→ Prompt:
Would you print the data below exactly, leaving out every picture?

→ Given data:
· · · · · · ·

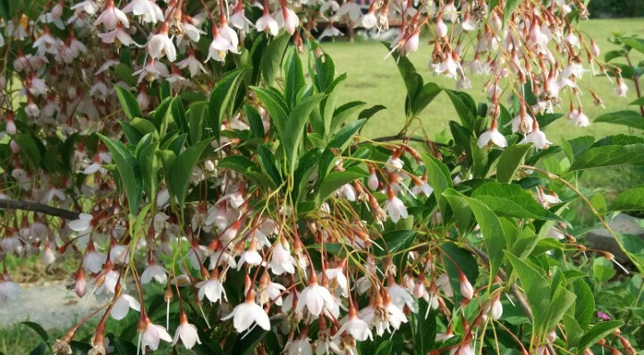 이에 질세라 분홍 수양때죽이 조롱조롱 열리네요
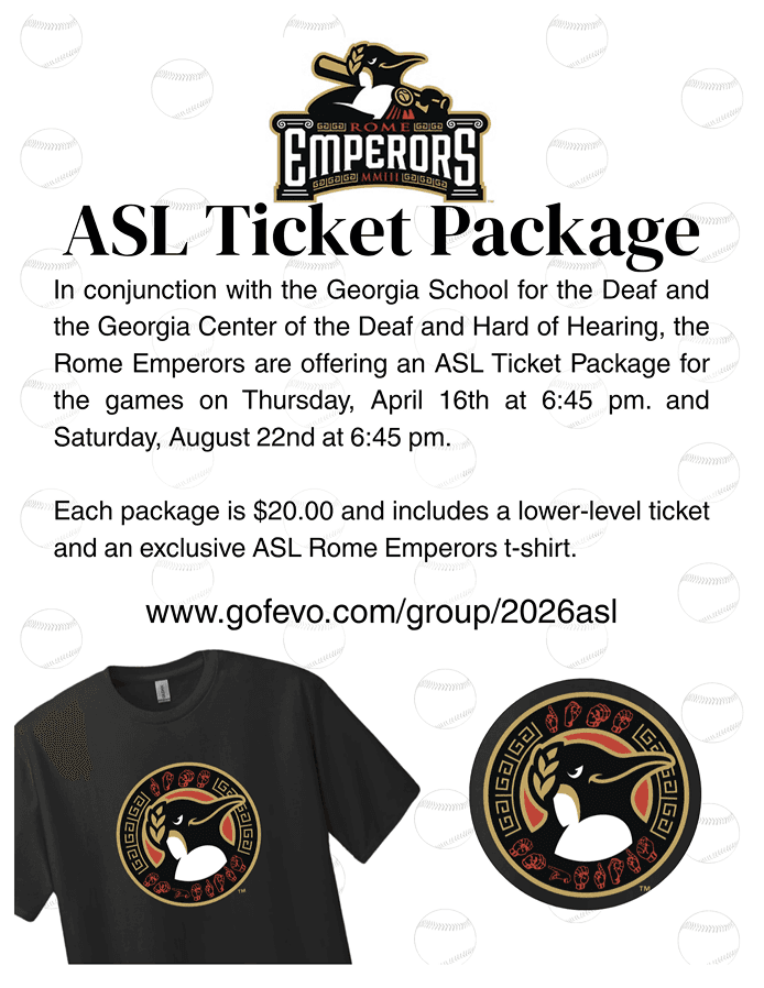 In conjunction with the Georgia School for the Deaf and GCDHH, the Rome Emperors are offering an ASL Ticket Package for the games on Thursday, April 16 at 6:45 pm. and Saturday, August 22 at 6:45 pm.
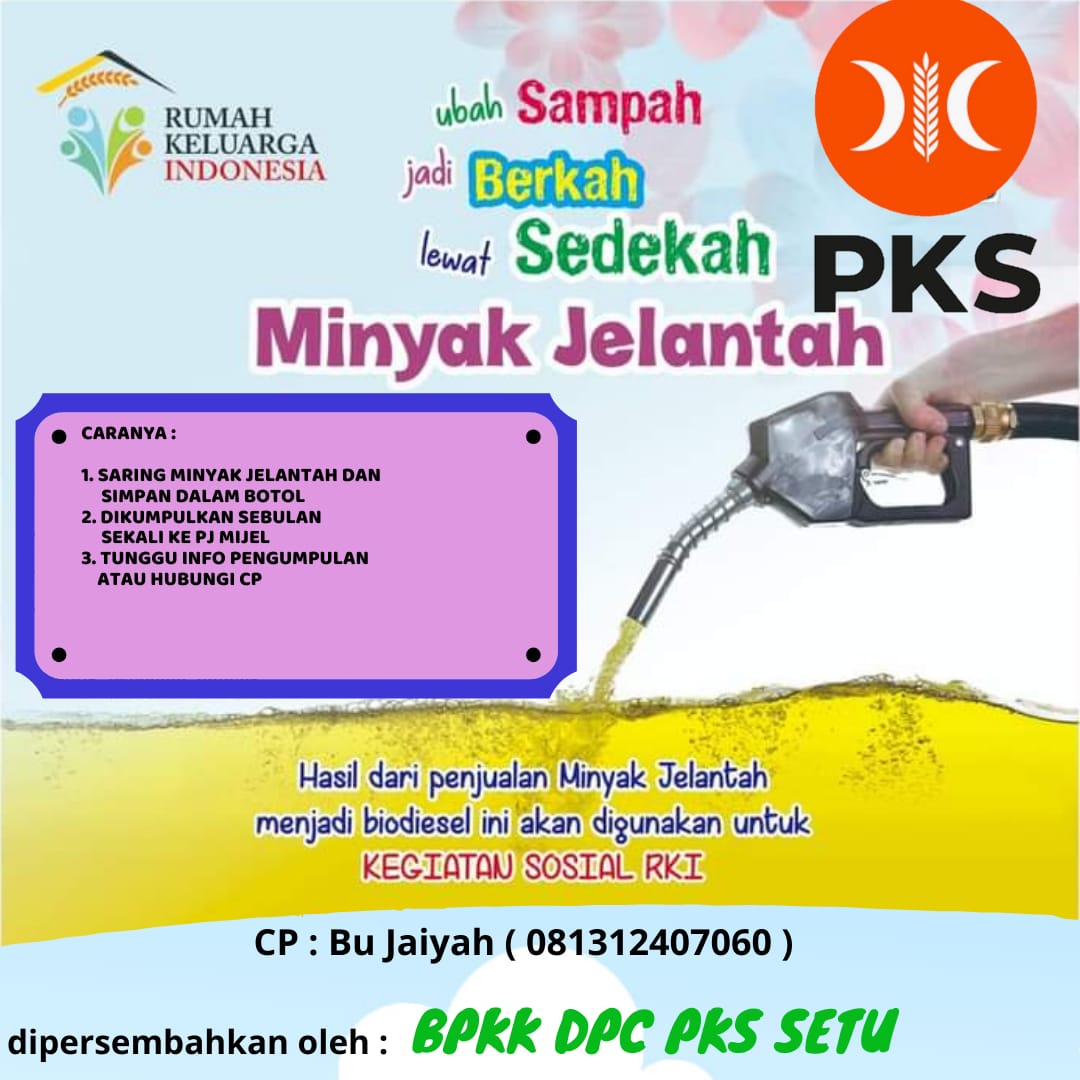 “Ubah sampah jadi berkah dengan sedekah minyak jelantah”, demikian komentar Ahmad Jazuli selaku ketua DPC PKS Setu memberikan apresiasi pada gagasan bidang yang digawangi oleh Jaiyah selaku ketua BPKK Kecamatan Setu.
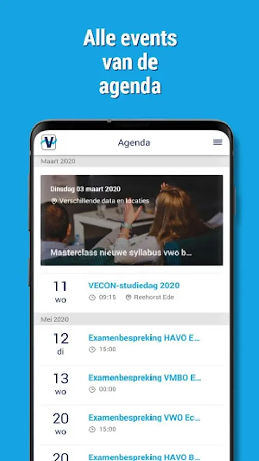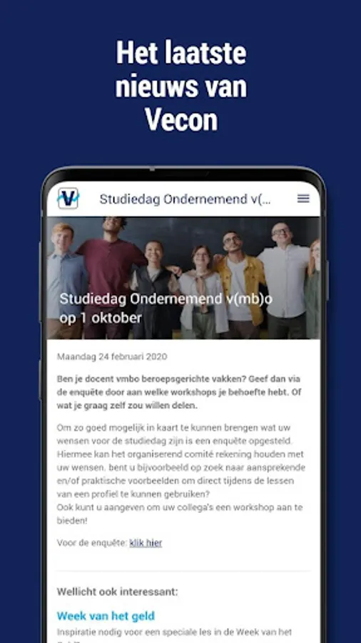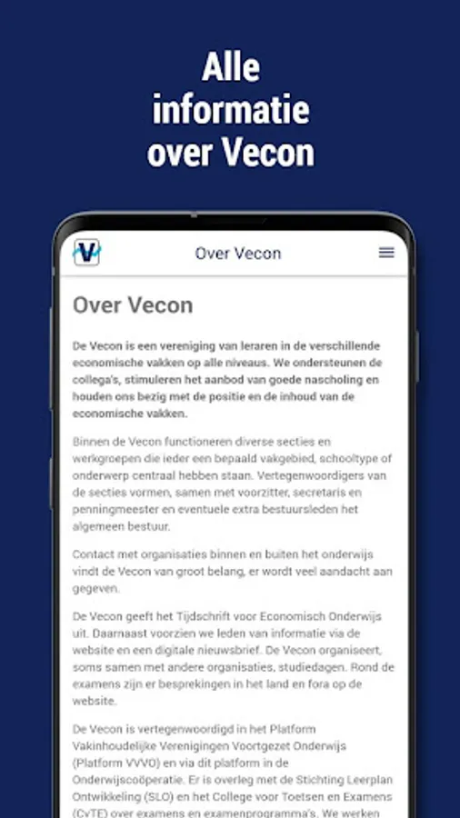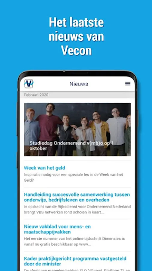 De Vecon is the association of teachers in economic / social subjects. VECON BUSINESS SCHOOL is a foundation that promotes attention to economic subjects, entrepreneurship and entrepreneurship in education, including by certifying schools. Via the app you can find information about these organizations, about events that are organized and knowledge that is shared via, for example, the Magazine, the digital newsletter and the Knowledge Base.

· · · · · · ·

→ Result of the exercise:
 이에 질세라 분홍 수양때죽이 조롱조롱 열리네요
 In conjunction with the Georgia School for the Deaf and GCDHH, the Rome Emperors are offering an ASL Ticket Package for the games on Thursday, April 16 at 6:45 pm. and Saturday, August 22 at 6:45 pm.
 “Ubah sampah jadi berkah dengan sedekah minyak jelantah”, demikian komentar Ahmad Jazuli selaku ketua DPC PKS Setu memberikan apresiasi pada gagasan bidang yang digawangi oleh Jaiyah selaku ketua BPKK Kecamatan Setu.
 De Vecon is the association of teachers in economic / social subjects. VECON BUSINESS SCHOOL is a foundation that promotes attention to economic subjects, entrepreneurship and entrepreneurship in education, including by certifying schools. Via the app you can find information about these organizations, about events that are organized and knowledge that is shared via, for example, the Magazine, the digital newsletter and the Knowledge Base.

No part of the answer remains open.